Monsieur Mesnier, vous m’avez accusée de mettre en danger les patients par électoralisme. Non. Mon protocole est renforcé, voire strict. La Fédération hospitalière de France et la HAS recommandent le maintien de l’obligation vaccinale, dites-vous ? Je le répète : ma proposition de loi ne supprime pas l’obligation vaccinale. Elle offre une porte de sortie, qu’il faudra bien trouver, en protégeant autant le patient que le soignant. Quant à la chasse aux voix et aux arguments complotistes, mes positions passées suffisent à prouver que j’y suis étrangère.

Madame Dubré-Chirat, vous indiquez qu’un soignant qui contamine un patient peut voir sa responsabilité juridique engagée. Mais alors, quid des soignants auxquels on demande de travailler alors qu’ils sont positifs au covid ?

Mon texte n’a rien à voir avec une levée de l’obligation vaccinale. Il offre une porte de sortie à 12 000 personnes qui veulent travailler et qui ne mettront en danger ni leurs collègues ni les patients.

Article 1er : Réintégration du personnel suspendu dans le cadre d’un protocole sanitaire spécifique

Amendements de suppression AS12 de M. Philippe Juvin et AS20 de M. Éric Alauzet.

M. Philippe Juvin (LR). Pour que les choses soient claires, disons d’emblée que chacun ici cherche une solution raisonnable, avec bonne volonté, et que personne ne veut mettre quiconque en danger.
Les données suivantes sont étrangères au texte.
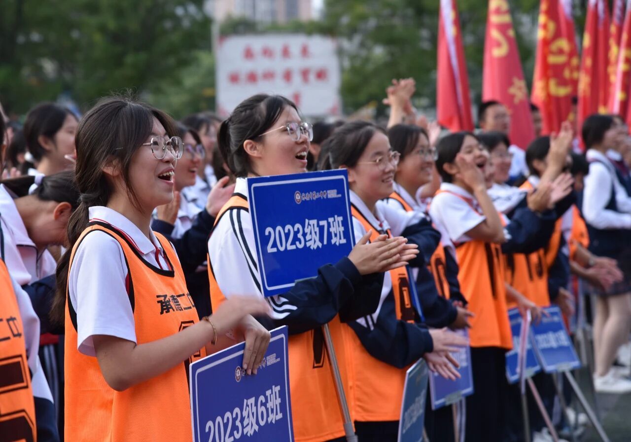 清晨的(de)陽光(guāng)灑滿跑道(dào),整個(gè)校(xià o)園洋溢著(zhe)青春的(de)氣息。伴随著(zhe)激昂的(de)運動員(yuán)進行(xíng)曲,各年(nián)級方陣精神抖擻地(dì)步入會(huì)場(chǎng)。飄揚的(de)班旗、整齊的(de)步伐、響亮(liàng)的(de)口号,展現(xiàn)著(zheΩ)二中學子(zǐ)特有(yǒu)的(de)精氣神。

Mon amendement vise à supprimer l’article 1er qui me semble dangereux, pour plusieurs raisons.

Premièrement, l’argument selon lequel la réintégration des personnels non vaccinés permettra aux hôpitaux de mieux fonctionner ne résiste pas à l’examen des chiffres. Au demeurant, nous ignorons le nombre exact de personnes concernées. D’après le Conseil de l’ordre national des infirmiers, il est de l’ordre du millier, soit une dizaine de personnes par département.

Deuxièmement, comment persuaderons-nous les gens de se faire vacciner en cas de nouvelle vague, si nous les autorisons aujourd’hui à ne pas l’être ?

Troisièmement, des médecins, infirmiers, aides-soignants sont morts du covid‑19. Nous sommes dans l’obligation de protéger les soignants, quand bien même l’efficacité du vaccin contre la transmission du virus est relative, voire nulle. Nous devons envoyer le signal, exiger des soignants vaccinés dans leur intérêt, comme nous le faisons pour d’autres maladies.

Quatrièmement, il y va du poids de la science. Accepterait-on qu’un Français engagé dans l’armée affirme haut et fort ne croire ni à la patrie ni à certaines valeurs ? Qu’un soignant ne croie pas en la science et considère les vaccins non fiables n’est pas acceptable.

Telle est ma position personnelle, qui n’engage pas mon groupe.

M. Éric Alauzet (RE). J’aimerais mettre en regard les périls que fait courir la proposition de loi et ses bénéfices très incertains. Elle induit un risque sanitaire face auquel la HAS, parmi d’autres, préconise le maintien de l’obligation vaccinale. Certes, mieux valent des masques et des tests que rien du tout, mais le vaccin est supérieur, et l’association des trois encore davantage. Le protocole proposé protège insuffisamment par rapport au vaccin.

Par ailleurs, la proposition de loi risque de désorganiser les services hospitaliers en introduisant deux régimes de gestion des personnels, ce qui peut provoquer des tensions. Du point de vue éthique, elle est injuste envers ceux qui ont fait l’effort de la vaccination.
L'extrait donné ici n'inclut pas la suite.